Work instruction - Exactly as written, print every line of the listing below and omit its pictures.

Data segment -
——————

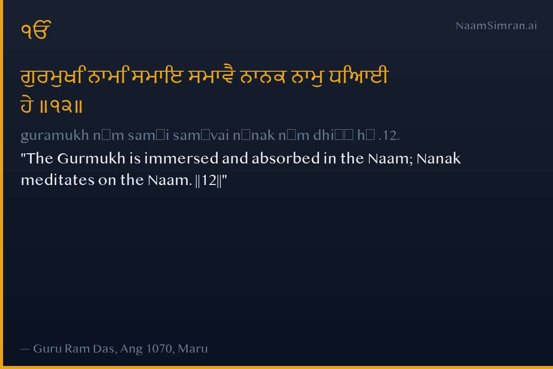 The Gurmukh is immersed and absorbed in the Naam; Nanak meditates on the Naam. ||12||
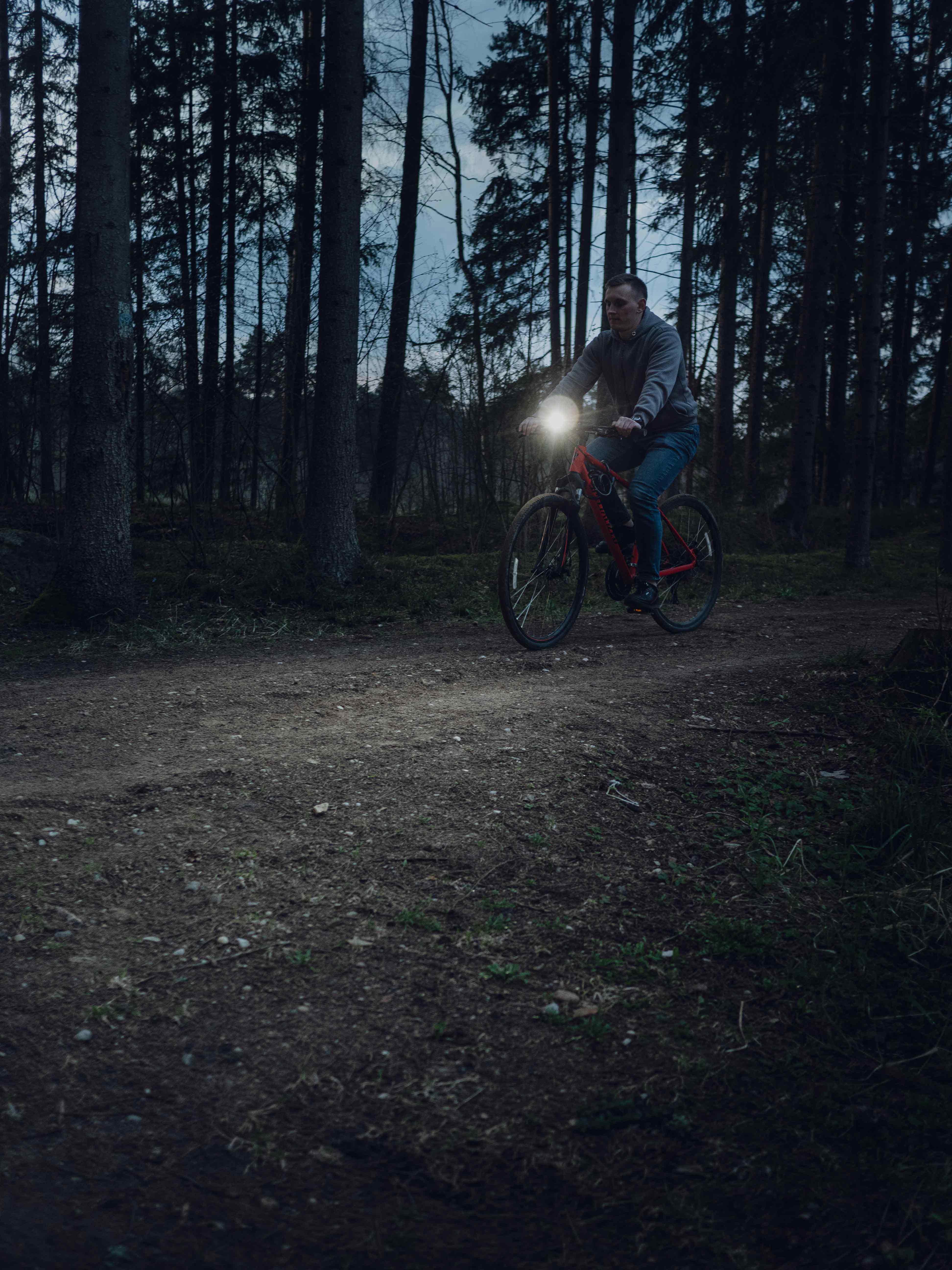 • Красный свет яркостью 230 люмен эффективен в условиях тумана или низкой видимости. Он может использоваться как задний велогабарит или мигающий предупредительный сигнал. Красный свет не спугнёт животных, рыбу или насекомых и комфортен для ночного зрения.
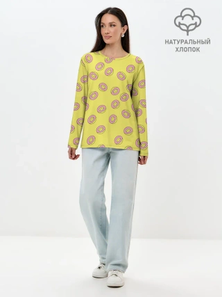 Лонгслив женский. Хлопок / Пончики Донатс.

——————

Response area -
 The Gurmukh is immersed and absorbed in the Naam; Nanak meditates on the Naam. ||12||
 • Красный свет яркостью 230 люмен эффективен в условиях тумана или низкой видимости. Он может использоваться как задний велогабарит или мигающий предупредительный сигнал. Красный свет не спугнёт животных, рыбу или насекомых и комфортен для ночного зрения.
 Лонгслив женский. Хлопок / Пончики Донатс.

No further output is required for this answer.